Antetokounmpo told reporters on Wednesday he felt it was important for him to play through pain and adversity. He also said that Milwaukee had played with "too much randomness" on offense, and that it needed to improve its spacing and play with more purpose.

"I feel like sometimes two or three guys are on the same page, [and the] other two are not on the same page," Antetokounmpo said. "We have to get everybody on the same page. OK, Dame has the ball, what are we doing? Giannis is coming an setting one, he's rolling. Then after that, then Dame doesn't have nothing, what are we doing? We just going to stand around? No."

In Antetokounmpo's view, Milwaukee needs to "be more assertive when we are on offense, and we have to play with more aggressiveness and have more direction." He stressed that this was not a criticism of Rivers and that he thought the players needed to "know what we are trying to target." Naturally, this has been more challenging without Lillard.  "It's hard because we're used to him having the ball, him making the decisions, him coming off the pick-and-rolls," Antetokounmpo said, adding that his absence has put more playmaking pressure on everybody else.

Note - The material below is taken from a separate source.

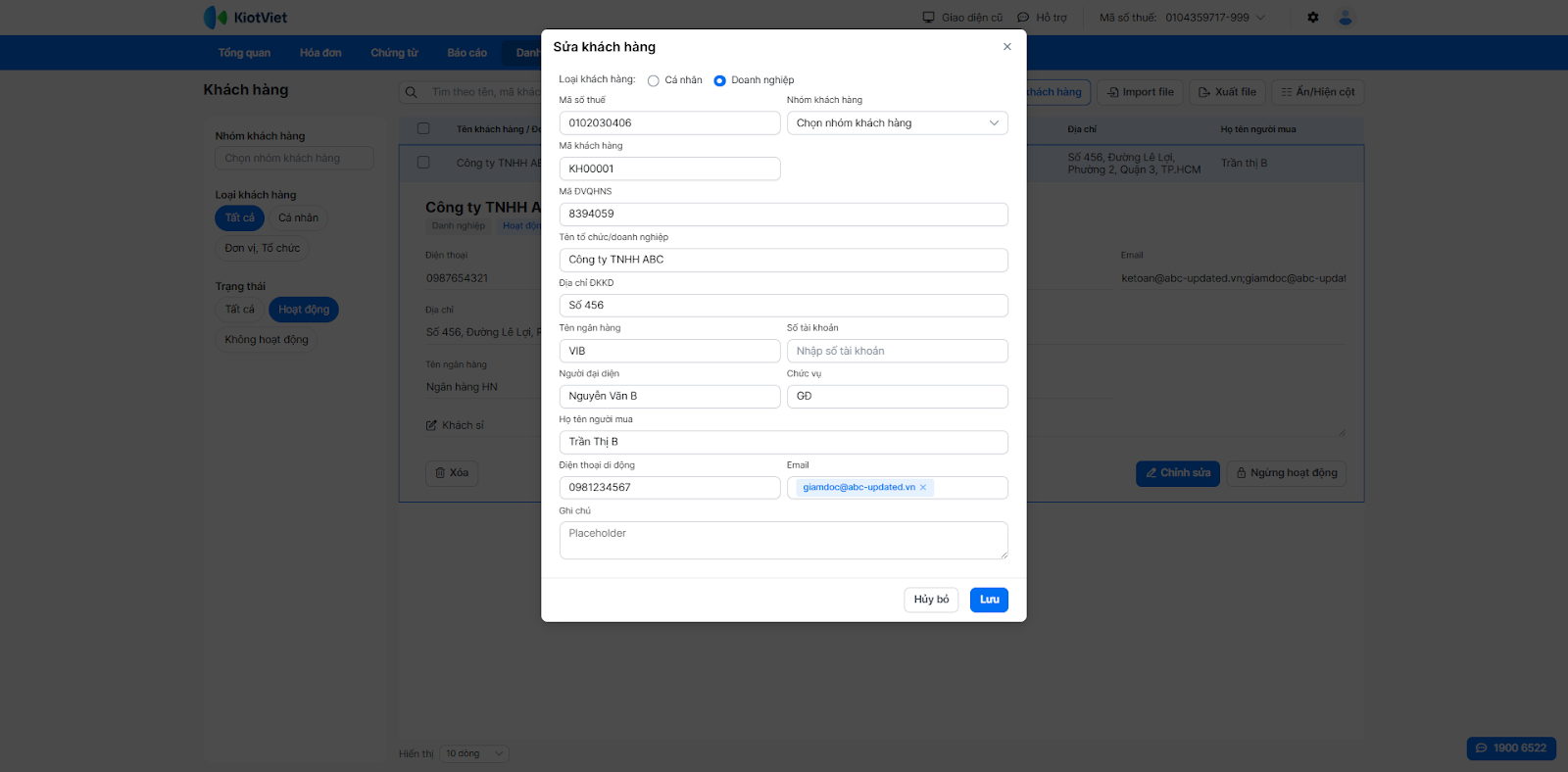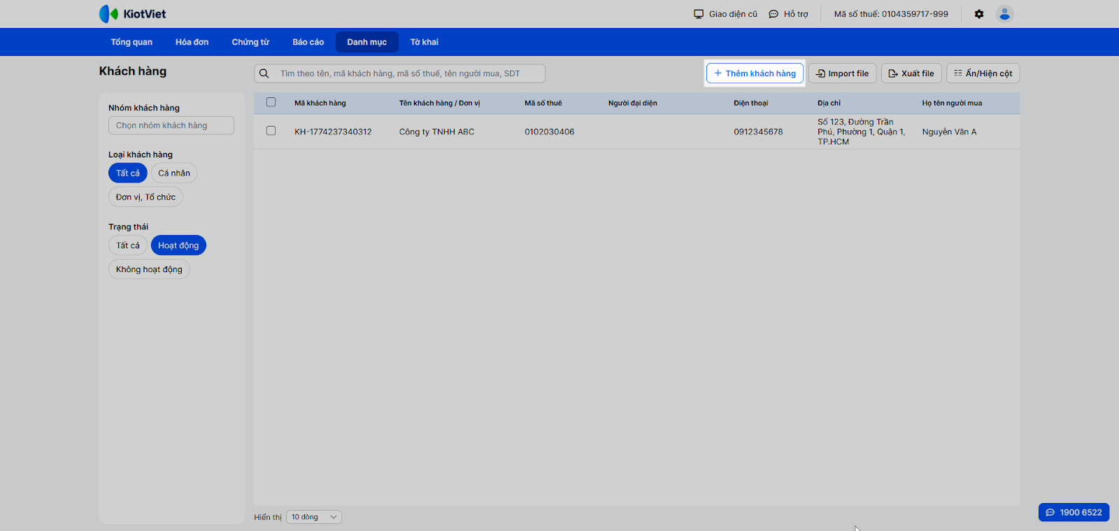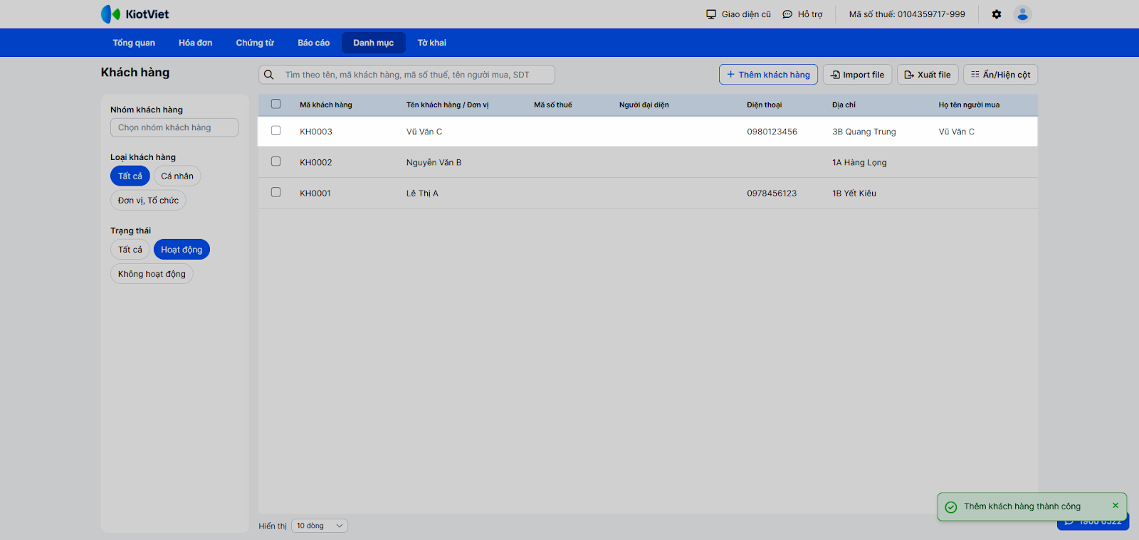 - Tình huống: Sau khi điền xong thông tin khách hàng, bạn lưu lại và muốn kiểm tra xem khách hàng này đã sẵn sàng để chọn khi xuất hóa đơn chưa.

If Antetokounmpo is right about needing to withstand adversity because it will help in the long run, then perhaps it's not such a bad thing that the Bucks don't have such a tight grip on the No. 2 spot. Perhaps it's good that they have a tough late-season schedule too. Generally speaking, though, every team would prefer to be as comfortable as the 60-16 Boston Celtics, so it could be conservative about injury maintenance without worrying about slipping in the standings.